The following discussion is closed. Please do not modify it. Subsequent comments should be made on the appropriate discussion page. No further edits should be made to this discussion.

Shall we trust administrators to decide on what to add in the Ongoing ticker? I don't feel good about this. I tried to have the Paris attacks discussed as "Ongoing", but the nomination was days, attracting people insufficiently, before the Paris attack was added as Ongoing. Not to say that the decision was bad or anything, but the cycle of posting and removing Metrojet Flight crash as "Ongoing" might prove that the issue needs attention. Wikipedia is neither a democracy nor bureaucracy, but I am not convinced that adding events without discussion would help improve Wikipedia, even when rules may be ignored. --George Ho (talk) 00:20, 24 November 2015 (UTC)
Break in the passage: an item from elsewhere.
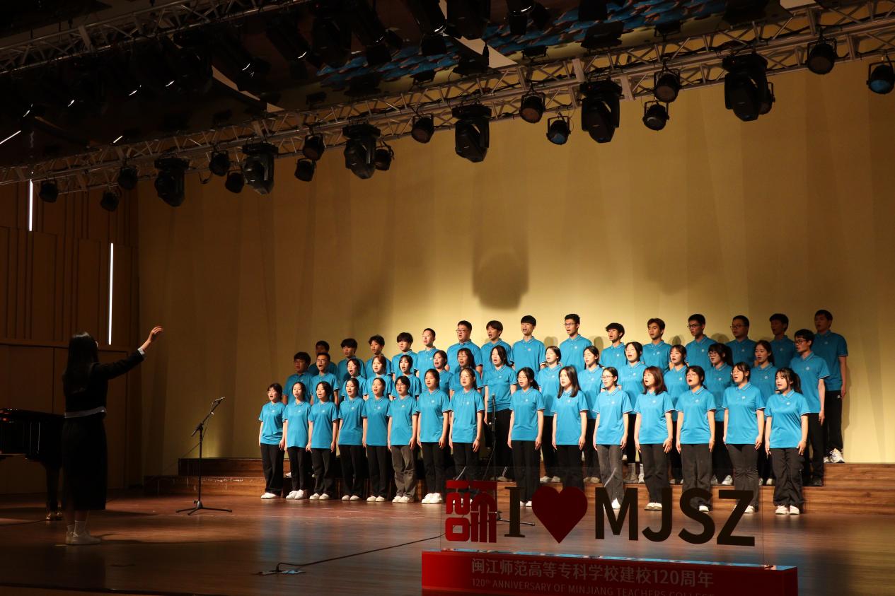 活动伊始,附属实验小学小繁星合唱团带来的表演曲目《茉莉花》《爱的传递》,唱响开场号角。比赛现场,来自9个二级学院的合唱队紧扣主题,他们演唱必选曲目《走进闽江师专》和一首自选曲目“《灯火里的中国》《瑶山夜歌》《如愿》……”,舞台上大家融合专业特色精心设计,为观众献上一场视听盛宴,淋漓尽致地展现出闽师学子们的昂扬精神面貌。
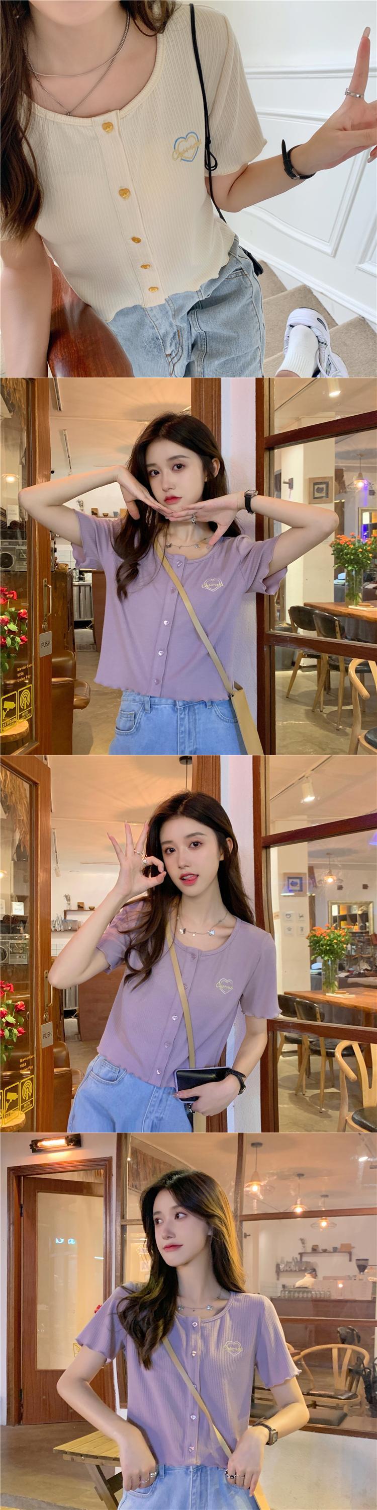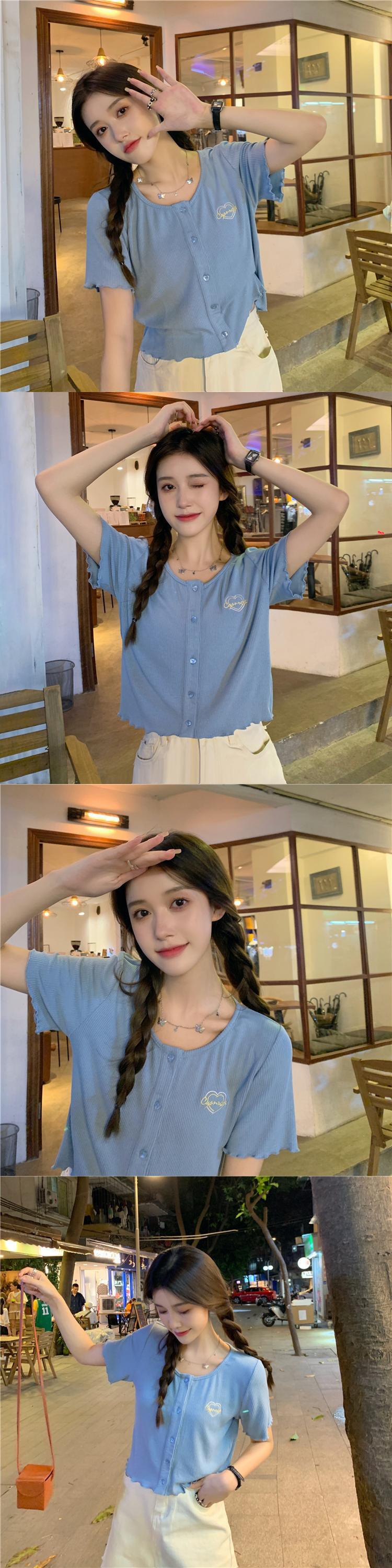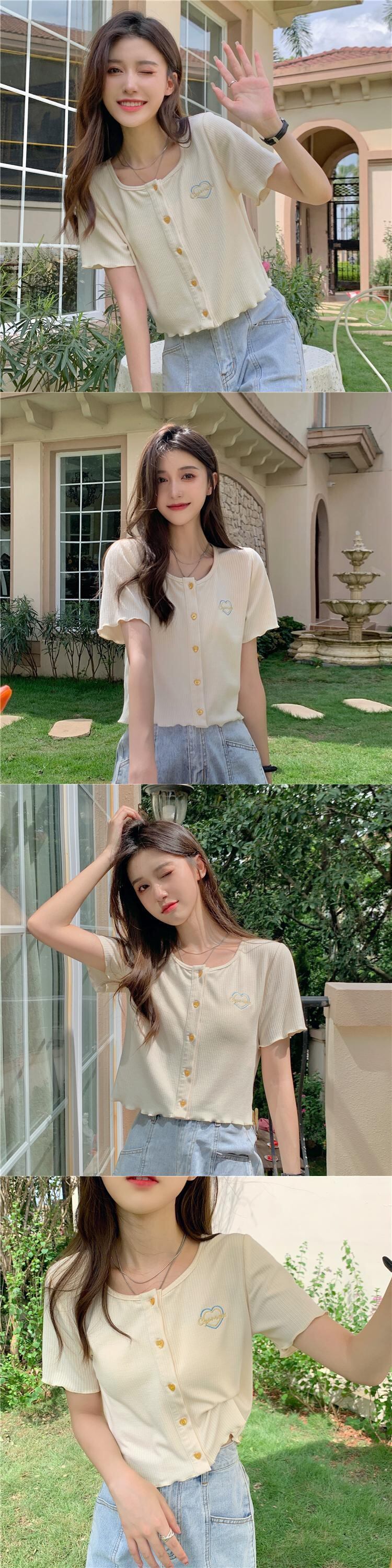 ハイウエストワイドレッグパンツのショートトップ。デザインはニッチで、特に菌のエッジ、初恋、甘い小さなTシャツです 大人ガーリー スウィート キュート カジュアル 7460076308358331 | framboise21

If you wish to upbraid me for adding the Paris attacks item to Ongoing, feel free to ping me. I paid attention to the discussion you mention, and concluded consensus was in favour of adding it to Ongoing. If I acted in error, any admin could easily remove it, or a topic could be opened at ITN-C -- and discussion is currently ongoing there as to whether it wants switching for something else, but there isn't IMO consensus yet as to a target. How is this process broken? Espresso Addict (talk) 01:53, 24 November 2015 (UTC)
If you feel that an item has been added inappropriately, start a discussion to remove it, and if there is a consensus it will be removed. If you feel the need to add an item to ongoing, start a discussion if there is consensus it will be added. I'm at a loss to explain it to you any other way. --Jayron32 01:57, 24 November 2015 (UTC)
I see absolutely no issue whatsoever with what's happened. As Jayron says, if you think something should be pulled or has been added erroneously, make an error report or request it be pulled at ITNC. The Rambling Man (talk) 09:19, 24 November 2015 (UTC)
"Shall we trust administrators to decide on what to add in the Ongoing ticker?" Yes, because the existing instructions at Wikipedia:In the news/Administrator instructions are clear and sufficient for these purposes: An accepted blurb may be transferred to the Ongoing section if small, incremental updates are still appearing in notable news agencies, and if regular constructive editing is continuing on the relevant article(s). That's enough. We don't need to add and only if there's a pre-formed consensus at WP:ITNC, because that's not how Wikipedia ought to work. If someone disagrees with a decision then bring it to ITNC for discussion If this means that there's a delay before a decision to (not) add something to ongoing is overturned, that's not the end of the world. But the alternative is pointless threads like this one on Metrojet Flight 9268. The discussion was premature, pointless and doomed to fail. Premature, because no administrator had yet made a decision that needed challenging; pointless, because the nominator did not advocate a view, just wanted to start a discussion for the sake of having a discussion; and doomed to fail, because the article was not being updated and the news cycle had moved on. This is my longer way of saying "per Jayron." BencherliteTalk 17:47, 24 November 2015 (UTC)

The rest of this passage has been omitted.